■ TASK DATA
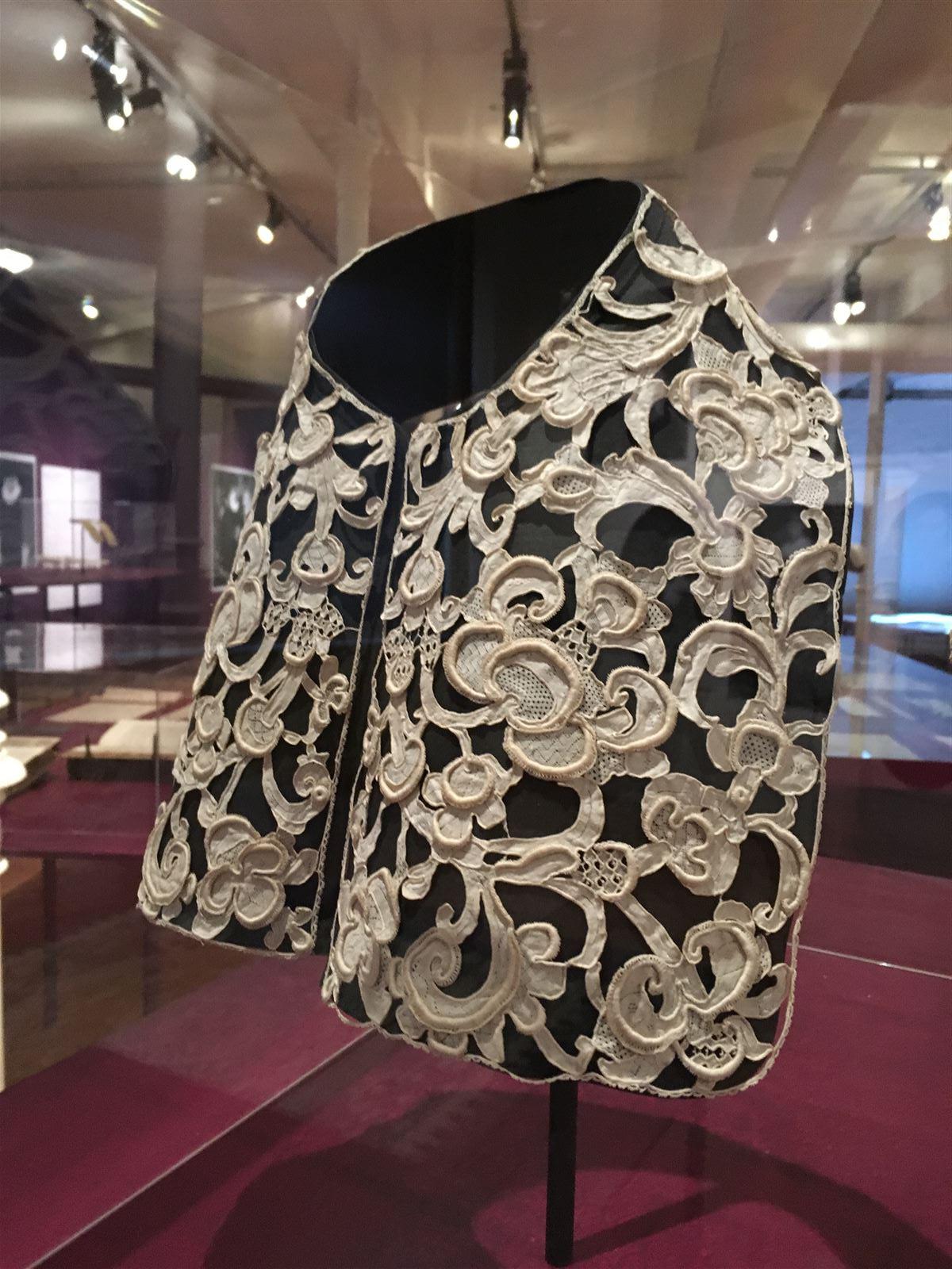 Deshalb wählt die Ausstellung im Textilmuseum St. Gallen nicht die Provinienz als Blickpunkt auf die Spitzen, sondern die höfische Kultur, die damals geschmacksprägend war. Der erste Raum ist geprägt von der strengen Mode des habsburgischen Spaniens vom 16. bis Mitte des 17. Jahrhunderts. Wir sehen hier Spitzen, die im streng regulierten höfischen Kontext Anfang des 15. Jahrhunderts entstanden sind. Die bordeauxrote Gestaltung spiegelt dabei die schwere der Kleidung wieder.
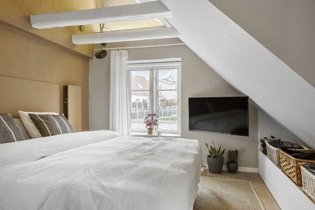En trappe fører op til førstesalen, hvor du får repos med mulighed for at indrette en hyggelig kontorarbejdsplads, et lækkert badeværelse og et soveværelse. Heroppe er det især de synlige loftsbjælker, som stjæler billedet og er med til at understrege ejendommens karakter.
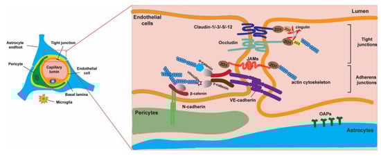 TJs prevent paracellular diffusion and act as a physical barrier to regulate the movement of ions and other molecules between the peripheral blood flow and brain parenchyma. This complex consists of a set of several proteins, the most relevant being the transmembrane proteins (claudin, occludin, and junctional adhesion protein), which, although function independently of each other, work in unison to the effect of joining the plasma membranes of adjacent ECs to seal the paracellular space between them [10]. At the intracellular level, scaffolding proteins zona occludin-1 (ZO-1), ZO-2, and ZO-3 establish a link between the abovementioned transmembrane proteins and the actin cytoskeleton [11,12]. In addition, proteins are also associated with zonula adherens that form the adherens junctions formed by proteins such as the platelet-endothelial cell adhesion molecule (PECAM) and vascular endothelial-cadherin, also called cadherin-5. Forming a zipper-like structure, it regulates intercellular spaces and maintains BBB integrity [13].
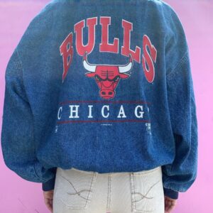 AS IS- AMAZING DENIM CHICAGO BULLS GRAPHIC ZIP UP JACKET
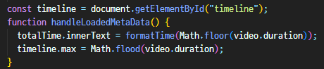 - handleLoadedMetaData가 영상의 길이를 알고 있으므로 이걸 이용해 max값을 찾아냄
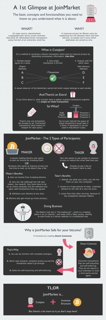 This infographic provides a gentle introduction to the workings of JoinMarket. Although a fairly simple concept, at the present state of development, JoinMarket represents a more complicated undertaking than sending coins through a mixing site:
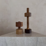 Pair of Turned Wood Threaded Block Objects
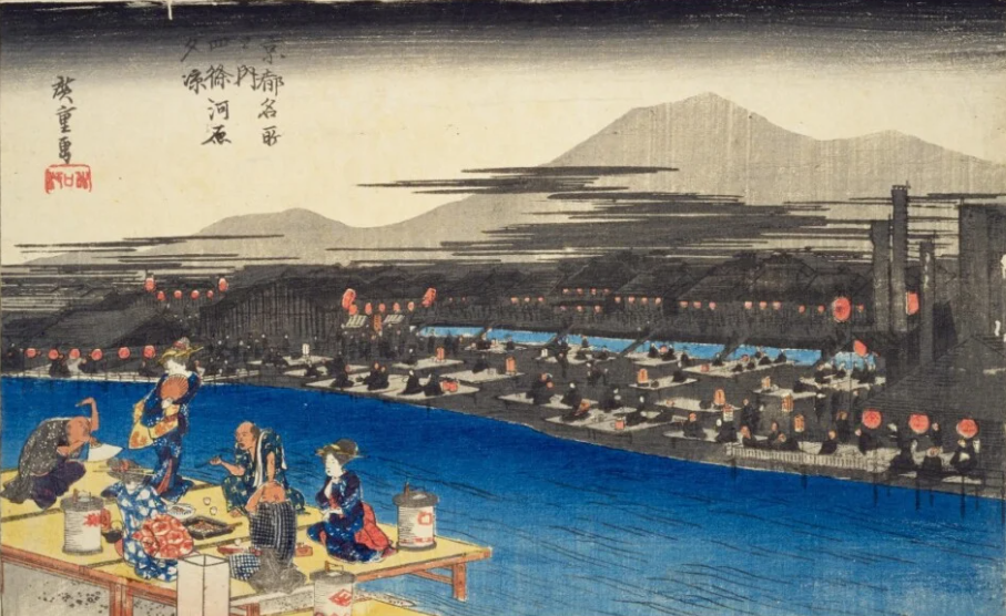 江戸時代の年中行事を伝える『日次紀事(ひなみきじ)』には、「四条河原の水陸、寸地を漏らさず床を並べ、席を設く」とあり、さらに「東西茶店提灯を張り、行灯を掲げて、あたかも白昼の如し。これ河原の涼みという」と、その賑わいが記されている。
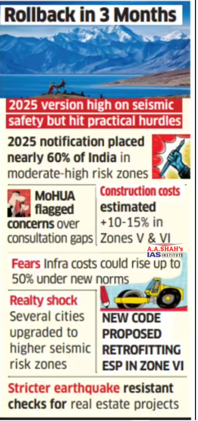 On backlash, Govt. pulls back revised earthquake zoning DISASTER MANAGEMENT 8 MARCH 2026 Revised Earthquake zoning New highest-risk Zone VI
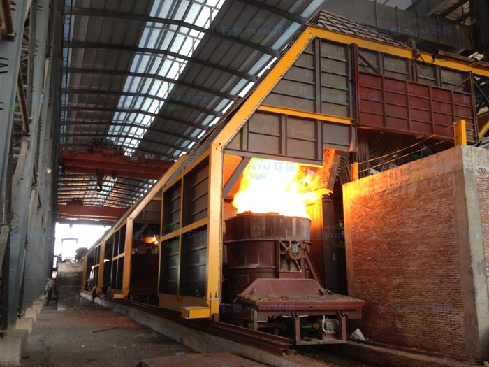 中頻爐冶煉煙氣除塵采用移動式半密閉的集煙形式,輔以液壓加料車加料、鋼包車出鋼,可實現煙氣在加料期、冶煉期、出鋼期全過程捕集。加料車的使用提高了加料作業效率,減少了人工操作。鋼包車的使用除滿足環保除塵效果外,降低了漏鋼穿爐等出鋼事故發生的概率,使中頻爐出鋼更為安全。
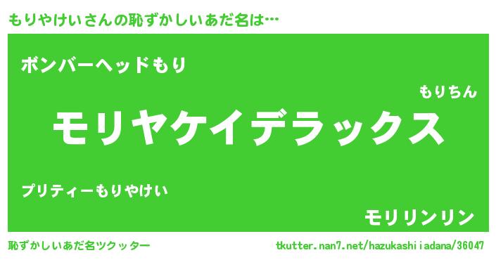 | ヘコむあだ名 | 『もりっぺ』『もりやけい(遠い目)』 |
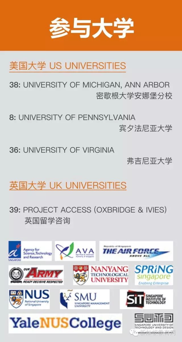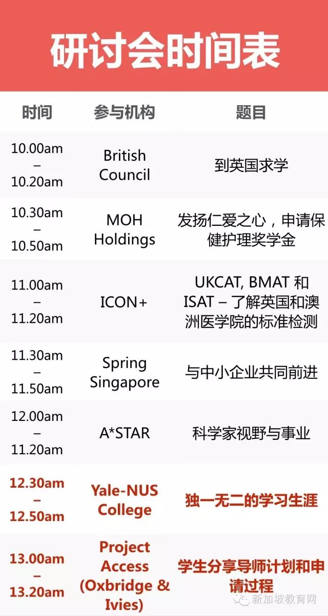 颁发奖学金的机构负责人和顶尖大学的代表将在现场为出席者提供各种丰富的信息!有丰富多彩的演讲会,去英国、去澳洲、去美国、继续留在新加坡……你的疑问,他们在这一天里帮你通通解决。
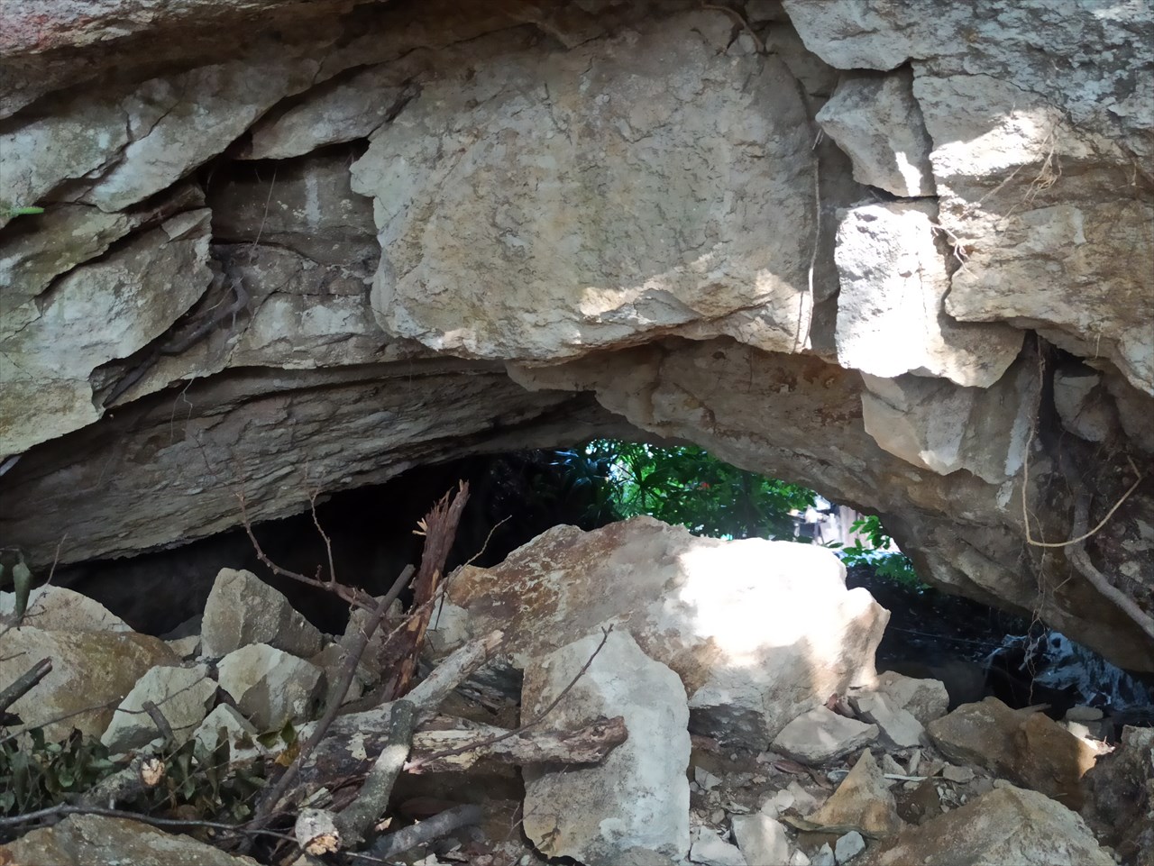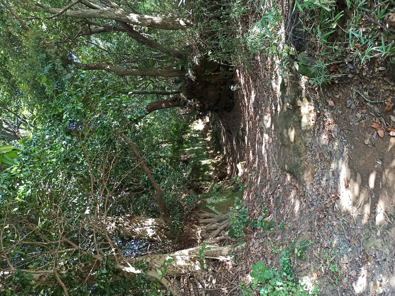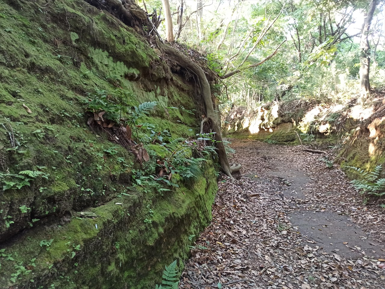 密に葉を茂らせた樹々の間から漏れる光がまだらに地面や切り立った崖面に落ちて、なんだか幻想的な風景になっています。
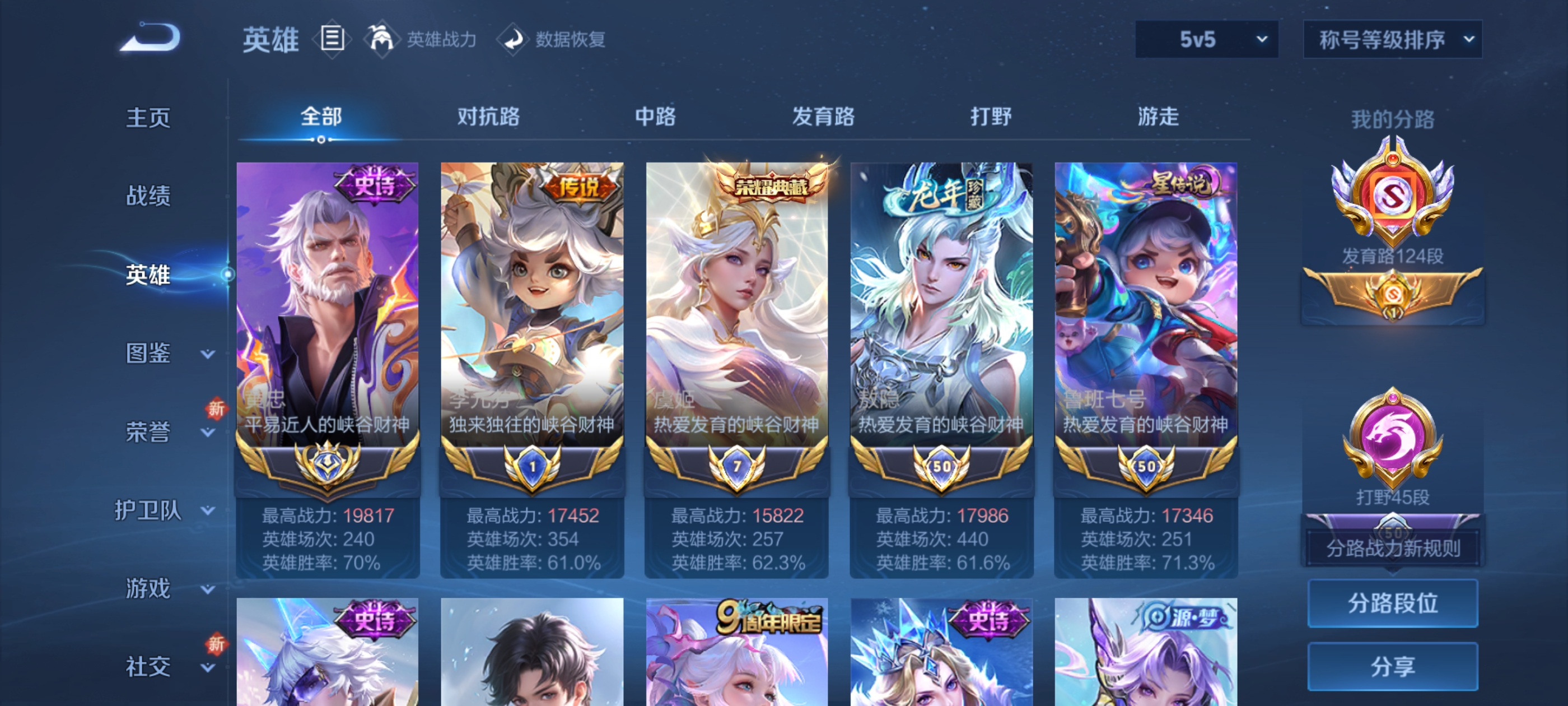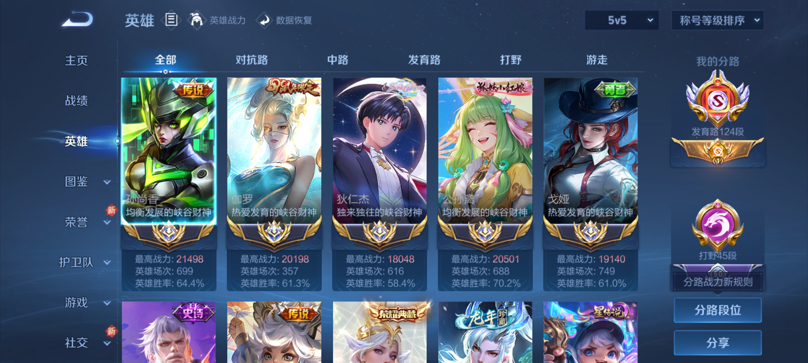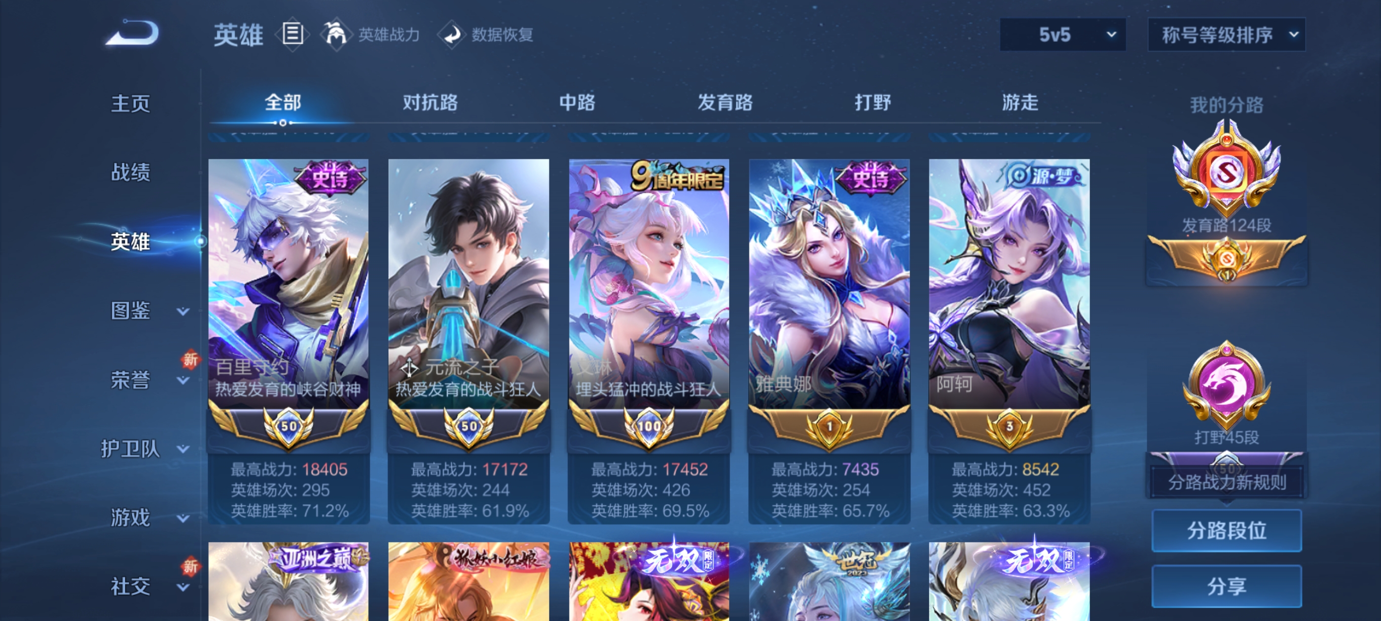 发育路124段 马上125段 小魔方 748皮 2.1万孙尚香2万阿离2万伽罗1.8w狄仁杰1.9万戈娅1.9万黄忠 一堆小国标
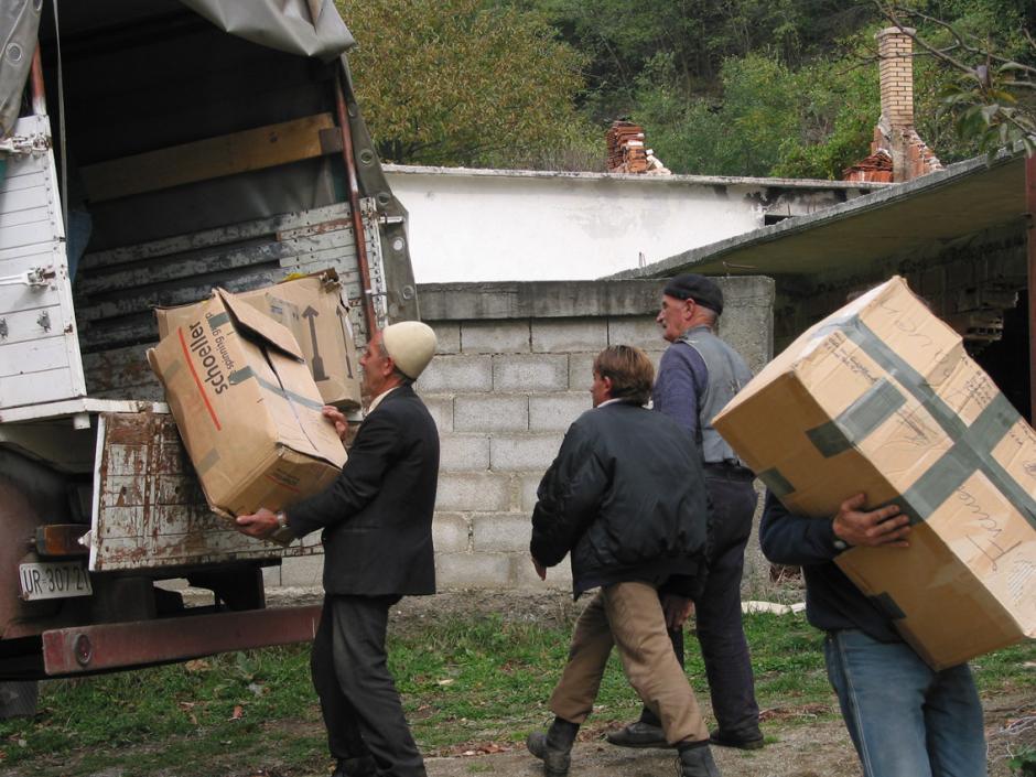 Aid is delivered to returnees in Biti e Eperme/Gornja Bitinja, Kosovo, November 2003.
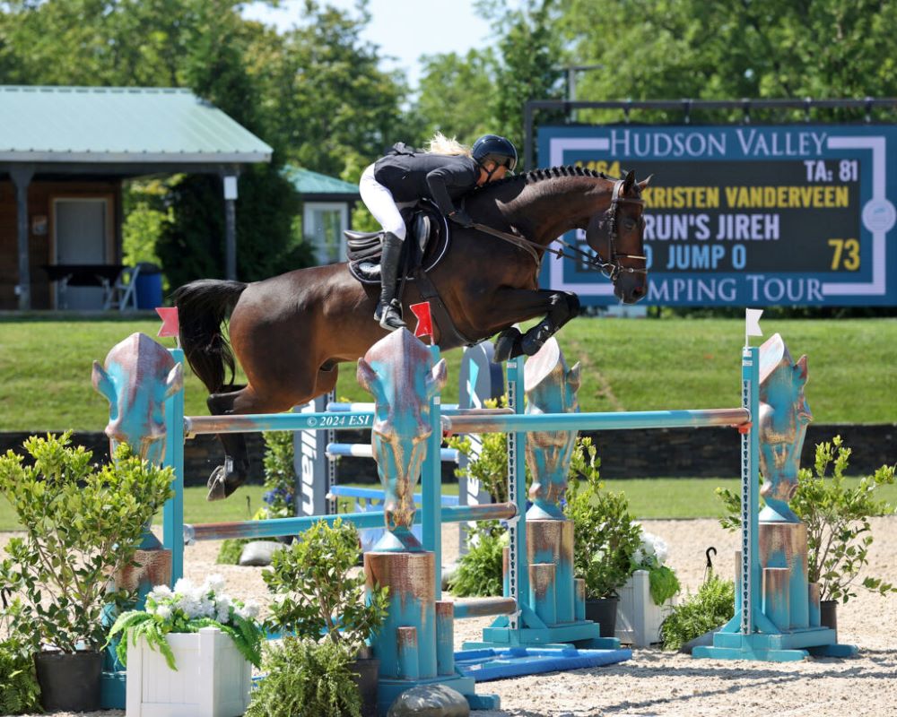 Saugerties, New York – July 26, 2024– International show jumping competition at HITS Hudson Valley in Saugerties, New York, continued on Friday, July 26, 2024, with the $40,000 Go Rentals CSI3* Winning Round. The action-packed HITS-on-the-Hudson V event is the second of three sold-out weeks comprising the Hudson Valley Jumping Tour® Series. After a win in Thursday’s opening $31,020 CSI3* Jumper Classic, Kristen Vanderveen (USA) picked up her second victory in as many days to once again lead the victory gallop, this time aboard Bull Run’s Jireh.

■ PROMPT
Pictures stay out. Print the lines of the records above exactly, from the first through the one with "En trappe fører".

■ RESULT
 Deshalb wählt die Ausstellung im Textilmuseum St. Gallen nicht die Provinienz als Blickpunkt auf die Spitzen, sondern die höfische Kultur, die damals geschmacksprägend war. Der erste Raum ist geprägt von der strengen Mode des habsburgischen Spaniens vom 16. bis Mitte des 17. Jahrhunderts. Wir sehen hier Spitzen, die im streng regulierten höfischen Kontext Anfang des 15. Jahrhunderts entstanden sind. Die bordeauxrote Gestaltung spiegelt dabei die schwere der Kleidung wieder.
En trappe fører op til førstesalen, hvor du får repos med mulighed for at indrette en hyggelig kontorarbejdsplads, et lækkert badeværelse og et soveværelse. Heroppe er det især de synlige loftsbjælker, som stjæler billedet og er med til at understrege ejendommens karakter.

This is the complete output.